Fetal Cardiovascular Physiology

Venous Return to the Heart

Approximately 40% of total fetal cardiac output (i.e., approximately 200 mL/kg of fetal body weight per minute) is distributed to the placental circulation; a similar amount returns to the heart via the umbilical venous system. Because umbilical venous blood is the most highly oxygen-saturated blood in the fetal circulation, distribution of umbilical venous return is most important in determining oxygen delivery to fetal tissues. After entering the intraabdominal portion of the umbilical vein, a portion of umbilical venous blood flow supplies the liver; the remainder passes through the ductus venosus, which directly connects the umbilical vein–portal sinus confluence to the inferior vena cava (IVC) (see Fig. 13.1 ). In contrast to the umbilical and portal veins, the ductus venosus has no direct branches to the liver. Umbilical venous blood can enter the ductus venosus directly. However, portal venous return can reach the ductus venosus only through the portal sinus. Approximately 50% of umbilical blood flow passes through the ductus venosus; the remainder enters the hepatic-portal venous system and passes through the hepatic vasculature.

The fetal liver receives its blood supply from the umbilical vein as well as the portal vein and hepatic artery. In normal fetal lambs, umbilical venous blood flow contributes approximately 75% to 80% of the total blood supply of the liver. Portal venous blood flow accounts for about 15%, and hepatic arterial blood flow from the aorta represents only 4% to 5%. The blood from these sources is distributed differently to various parts of the liver. Hepatic arterial blood flow to the liver is equally distributed to the right and left lobes, but the left lobe is supplied almost exclusively (>95%) by umbilical venous blood. In contrast, the right lobe receives both umbilical venous blood (approximately 60%) and portal venous blood (approximately 30%). Because umbilical venous blood supplies a major portion of flow to the right liver lobe by traversing the portal sinus, little, if any, portal venous blood reaches the ductus venosus. Therefore the blood in the ductus venosus has pH, blood gas, and hemoglobin oxygen saturation values similar to those of umbilical venous blood. The portion of umbilical venous blood flow that passes via the ductus venosus directly into the IVC meets the systemic venous drainage from the lower body.

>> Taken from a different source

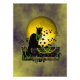 Uma silhueta do gato preto de Théophile Steinlen para o clube do Noir do Le Chat num cenário moderno para o Grás Mardi com uma lua amarela brilhante, muitas miçangas, e as palavras "Laissez les bon temps rouler", que significa "Deixem os bons tempos rolar."

Blood flow through the thoracic IVC represents approximately 65% to 70% of venous return to the heart; flow from the ductus venosus accounts for about one-third of this amount. ^, The two streams (one from the abdominal IVC and one from the ductus venosus) do not mix, and they demonstrate definite streaming in the thoracic IVC; the well-oxygenated blood derived from the ductus venosus occupies the dorsal and leftward portion of the IVC. This separation of the more highly saturated umbilical venous stream and the desaturated IVC stream returning from the lower body produces preferential flow of umbilical venous return into the left atrium and then into the left ventricle and ascending aorta. Of particular importance is preferential streaming of umbilical venous blood to the brain and myocardium.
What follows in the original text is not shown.